> _Your instructions_: Return the data below exactly, but only from the line containing "İcmaller, 2 Ocak" through the line containing "五个阶段为主线,系统梳理了 30 余个关键环节的具体要求。她强调,党员发展工作是党的建设的", with both of those lines included.

> _Data to examine_:

______________________________

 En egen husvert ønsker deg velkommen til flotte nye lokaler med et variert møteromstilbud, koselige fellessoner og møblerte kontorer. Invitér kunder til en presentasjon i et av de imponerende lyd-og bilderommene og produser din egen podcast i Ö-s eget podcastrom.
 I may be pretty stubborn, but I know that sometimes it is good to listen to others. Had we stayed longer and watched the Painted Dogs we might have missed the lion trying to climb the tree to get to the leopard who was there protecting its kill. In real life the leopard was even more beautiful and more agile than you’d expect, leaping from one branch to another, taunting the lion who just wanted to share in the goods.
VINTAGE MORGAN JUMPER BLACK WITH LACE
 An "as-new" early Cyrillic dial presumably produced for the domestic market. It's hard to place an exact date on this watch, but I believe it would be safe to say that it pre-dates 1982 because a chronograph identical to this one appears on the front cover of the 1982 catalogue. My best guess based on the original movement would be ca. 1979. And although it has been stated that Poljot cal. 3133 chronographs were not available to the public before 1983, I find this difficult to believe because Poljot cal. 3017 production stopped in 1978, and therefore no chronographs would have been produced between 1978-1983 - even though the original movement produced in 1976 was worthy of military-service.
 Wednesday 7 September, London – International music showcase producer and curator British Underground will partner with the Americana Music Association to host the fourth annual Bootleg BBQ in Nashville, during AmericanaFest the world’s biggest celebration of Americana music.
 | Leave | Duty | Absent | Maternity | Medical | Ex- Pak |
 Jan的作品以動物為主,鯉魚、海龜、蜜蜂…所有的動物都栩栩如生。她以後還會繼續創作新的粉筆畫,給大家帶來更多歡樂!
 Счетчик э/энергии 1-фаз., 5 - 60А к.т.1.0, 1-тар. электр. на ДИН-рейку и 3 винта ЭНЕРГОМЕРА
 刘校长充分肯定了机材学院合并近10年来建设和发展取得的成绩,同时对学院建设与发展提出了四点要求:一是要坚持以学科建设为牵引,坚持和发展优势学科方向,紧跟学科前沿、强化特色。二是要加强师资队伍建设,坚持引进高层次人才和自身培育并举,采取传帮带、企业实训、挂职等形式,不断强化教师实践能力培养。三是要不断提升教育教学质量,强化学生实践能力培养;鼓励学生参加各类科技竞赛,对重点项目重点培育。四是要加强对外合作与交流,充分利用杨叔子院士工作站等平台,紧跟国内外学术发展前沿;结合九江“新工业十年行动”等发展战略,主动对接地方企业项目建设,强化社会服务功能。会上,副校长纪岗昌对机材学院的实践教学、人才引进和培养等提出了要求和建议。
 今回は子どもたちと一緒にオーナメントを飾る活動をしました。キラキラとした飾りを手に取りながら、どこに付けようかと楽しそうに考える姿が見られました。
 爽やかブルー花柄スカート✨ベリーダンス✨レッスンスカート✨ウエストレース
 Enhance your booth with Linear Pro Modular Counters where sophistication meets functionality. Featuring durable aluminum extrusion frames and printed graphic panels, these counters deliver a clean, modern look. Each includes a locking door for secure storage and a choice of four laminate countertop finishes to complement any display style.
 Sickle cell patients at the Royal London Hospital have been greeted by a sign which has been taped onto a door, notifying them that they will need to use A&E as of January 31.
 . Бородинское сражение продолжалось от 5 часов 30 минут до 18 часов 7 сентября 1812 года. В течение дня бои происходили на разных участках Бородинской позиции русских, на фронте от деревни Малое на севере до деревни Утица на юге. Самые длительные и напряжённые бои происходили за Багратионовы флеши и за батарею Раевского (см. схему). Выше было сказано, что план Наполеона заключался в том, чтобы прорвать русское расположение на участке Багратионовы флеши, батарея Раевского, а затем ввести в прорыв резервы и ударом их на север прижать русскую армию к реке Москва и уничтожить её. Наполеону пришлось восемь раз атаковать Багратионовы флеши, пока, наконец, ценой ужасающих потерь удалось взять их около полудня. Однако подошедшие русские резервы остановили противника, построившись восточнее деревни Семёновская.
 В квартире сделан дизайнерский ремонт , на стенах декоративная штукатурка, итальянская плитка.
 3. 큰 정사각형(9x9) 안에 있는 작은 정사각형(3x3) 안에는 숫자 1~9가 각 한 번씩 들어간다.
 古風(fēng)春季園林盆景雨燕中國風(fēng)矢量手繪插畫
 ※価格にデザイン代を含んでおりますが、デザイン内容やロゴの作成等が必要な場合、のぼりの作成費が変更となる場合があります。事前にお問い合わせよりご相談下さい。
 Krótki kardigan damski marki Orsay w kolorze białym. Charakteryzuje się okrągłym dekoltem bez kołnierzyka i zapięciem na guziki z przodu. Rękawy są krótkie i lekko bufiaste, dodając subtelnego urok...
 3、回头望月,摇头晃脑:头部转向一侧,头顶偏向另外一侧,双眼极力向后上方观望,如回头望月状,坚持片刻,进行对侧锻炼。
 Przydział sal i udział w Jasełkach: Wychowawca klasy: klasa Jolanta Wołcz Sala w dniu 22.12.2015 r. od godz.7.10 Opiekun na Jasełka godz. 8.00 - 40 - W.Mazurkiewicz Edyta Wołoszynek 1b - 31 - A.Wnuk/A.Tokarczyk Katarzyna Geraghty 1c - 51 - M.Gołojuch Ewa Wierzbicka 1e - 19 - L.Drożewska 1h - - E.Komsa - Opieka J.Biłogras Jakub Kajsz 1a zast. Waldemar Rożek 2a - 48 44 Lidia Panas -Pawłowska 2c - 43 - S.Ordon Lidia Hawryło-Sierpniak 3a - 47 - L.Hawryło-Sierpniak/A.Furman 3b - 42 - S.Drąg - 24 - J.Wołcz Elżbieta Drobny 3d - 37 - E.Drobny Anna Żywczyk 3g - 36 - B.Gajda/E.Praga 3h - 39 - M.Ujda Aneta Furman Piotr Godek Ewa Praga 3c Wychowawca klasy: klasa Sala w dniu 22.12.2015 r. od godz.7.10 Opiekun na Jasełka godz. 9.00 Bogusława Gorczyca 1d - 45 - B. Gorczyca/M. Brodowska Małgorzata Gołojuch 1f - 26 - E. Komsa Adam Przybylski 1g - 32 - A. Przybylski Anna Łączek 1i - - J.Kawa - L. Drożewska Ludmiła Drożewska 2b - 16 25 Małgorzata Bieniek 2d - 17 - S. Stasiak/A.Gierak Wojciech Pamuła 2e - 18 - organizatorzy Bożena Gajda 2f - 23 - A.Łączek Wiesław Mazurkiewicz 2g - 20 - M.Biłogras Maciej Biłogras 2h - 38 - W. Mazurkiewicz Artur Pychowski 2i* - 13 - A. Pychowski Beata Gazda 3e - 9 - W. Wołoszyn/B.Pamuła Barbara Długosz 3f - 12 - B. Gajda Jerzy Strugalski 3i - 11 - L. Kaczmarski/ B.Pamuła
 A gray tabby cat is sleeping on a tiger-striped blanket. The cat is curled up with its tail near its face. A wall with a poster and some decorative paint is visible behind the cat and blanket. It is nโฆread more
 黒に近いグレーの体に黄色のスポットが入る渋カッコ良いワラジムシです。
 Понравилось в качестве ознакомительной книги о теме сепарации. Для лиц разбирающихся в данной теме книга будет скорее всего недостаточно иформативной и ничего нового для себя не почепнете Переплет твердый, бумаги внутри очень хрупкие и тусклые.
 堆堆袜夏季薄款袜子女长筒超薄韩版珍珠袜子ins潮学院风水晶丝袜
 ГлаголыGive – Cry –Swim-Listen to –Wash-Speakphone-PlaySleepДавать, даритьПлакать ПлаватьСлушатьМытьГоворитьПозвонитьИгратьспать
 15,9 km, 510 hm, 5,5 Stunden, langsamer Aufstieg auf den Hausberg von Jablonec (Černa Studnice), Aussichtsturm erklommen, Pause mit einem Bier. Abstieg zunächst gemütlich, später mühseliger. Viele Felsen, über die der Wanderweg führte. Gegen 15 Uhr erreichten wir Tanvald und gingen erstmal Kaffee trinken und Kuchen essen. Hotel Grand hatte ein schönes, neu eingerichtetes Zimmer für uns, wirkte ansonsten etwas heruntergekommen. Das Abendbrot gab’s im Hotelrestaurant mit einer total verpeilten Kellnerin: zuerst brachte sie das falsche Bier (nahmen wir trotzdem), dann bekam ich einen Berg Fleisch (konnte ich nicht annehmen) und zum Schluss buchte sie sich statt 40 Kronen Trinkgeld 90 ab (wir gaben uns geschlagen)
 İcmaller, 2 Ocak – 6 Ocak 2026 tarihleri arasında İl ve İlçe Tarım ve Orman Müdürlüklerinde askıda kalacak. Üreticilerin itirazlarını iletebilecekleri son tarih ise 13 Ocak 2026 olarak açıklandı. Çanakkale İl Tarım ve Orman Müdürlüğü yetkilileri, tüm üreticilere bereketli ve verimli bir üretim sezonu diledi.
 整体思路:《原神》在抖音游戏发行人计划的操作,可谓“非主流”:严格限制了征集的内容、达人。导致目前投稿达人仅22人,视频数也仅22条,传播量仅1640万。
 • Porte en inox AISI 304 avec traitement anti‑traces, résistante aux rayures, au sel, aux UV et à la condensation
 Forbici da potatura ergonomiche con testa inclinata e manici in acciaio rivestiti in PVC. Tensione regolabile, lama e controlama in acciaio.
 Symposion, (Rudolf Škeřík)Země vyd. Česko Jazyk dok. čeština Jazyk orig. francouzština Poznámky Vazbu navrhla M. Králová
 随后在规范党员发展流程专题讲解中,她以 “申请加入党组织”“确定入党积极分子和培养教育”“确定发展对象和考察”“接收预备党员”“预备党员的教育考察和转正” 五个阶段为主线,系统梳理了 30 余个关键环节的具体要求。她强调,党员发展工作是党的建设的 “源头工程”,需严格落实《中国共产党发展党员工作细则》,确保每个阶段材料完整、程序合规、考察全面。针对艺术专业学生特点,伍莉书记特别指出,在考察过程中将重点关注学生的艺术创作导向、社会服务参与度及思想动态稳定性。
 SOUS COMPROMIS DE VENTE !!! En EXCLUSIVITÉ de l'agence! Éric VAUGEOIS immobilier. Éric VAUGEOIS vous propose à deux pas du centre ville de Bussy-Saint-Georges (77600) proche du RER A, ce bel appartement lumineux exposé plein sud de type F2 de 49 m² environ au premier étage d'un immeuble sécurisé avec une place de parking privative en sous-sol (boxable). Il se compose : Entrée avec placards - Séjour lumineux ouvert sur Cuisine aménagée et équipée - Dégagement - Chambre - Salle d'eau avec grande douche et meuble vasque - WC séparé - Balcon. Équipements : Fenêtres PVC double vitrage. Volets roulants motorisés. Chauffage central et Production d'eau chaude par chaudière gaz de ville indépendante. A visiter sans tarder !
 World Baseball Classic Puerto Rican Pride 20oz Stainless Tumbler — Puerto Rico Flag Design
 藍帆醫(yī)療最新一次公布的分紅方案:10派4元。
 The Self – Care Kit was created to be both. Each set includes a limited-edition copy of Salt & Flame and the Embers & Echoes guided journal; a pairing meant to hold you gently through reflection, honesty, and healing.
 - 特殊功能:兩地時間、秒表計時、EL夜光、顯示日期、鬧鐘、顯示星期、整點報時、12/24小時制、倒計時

______________________________

> _Solved exercise_:
 İcmaller, 2 Ocak – 6 Ocak 2026 tarihleri arasında İl ve İlçe Tarım ve Orman Müdürlüklerinde askıda kalacak. Üreticilerin itirazlarını iletebilecekleri son tarih ise 13 Ocak 2026 olarak açıklandı. Çanakkale İl Tarım ve Orman Müdürlüğü yetkilileri, tüm üreticilere bereketli ve verimli bir üretim sezonu diledi.
 整体思路:《原神》在抖音游戏发行人计划的操作,可谓“非主流”:严格限制了征集的内容、达人。导致目前投稿达人仅22人,视频数也仅22条,传播量仅1640万。
 • Porte en inox AISI 304 avec traitement anti‑traces, résistante aux rayures, au sel, aux UV et à la condensation
 Forbici da potatura ergonomiche con testa inclinata e manici in acciaio rivestiti in PVC. Tensione regolabile, lama e controlama in acciaio.
 Symposion, (Rudolf Škeřík)Země vyd. Česko Jazyk dok. čeština Jazyk orig. francouzština Poznámky Vazbu navrhla M. Králová
 随后在规范党员发展流程专题讲解中,她以 “申请加入党组织”“确定入党积极分子和培养教育”“确定发展对象和考察”“接收预备党员”“预备党员的教育考察和转正” 五个阶段为主线,系统梳理了 30 余个关键环节的具体要求。她强调,党员发展工作是党的建设的 “源头工程”,需严格落实《中国共产党发展党员工作细则》,确保每个阶段材料完整、程序合规、考察全面。针对艺术专业学生特点,伍莉书记特别指出,在考察过程中将重点关注学生的艺术创作导向、社会服务参与度及思想动态稳定性。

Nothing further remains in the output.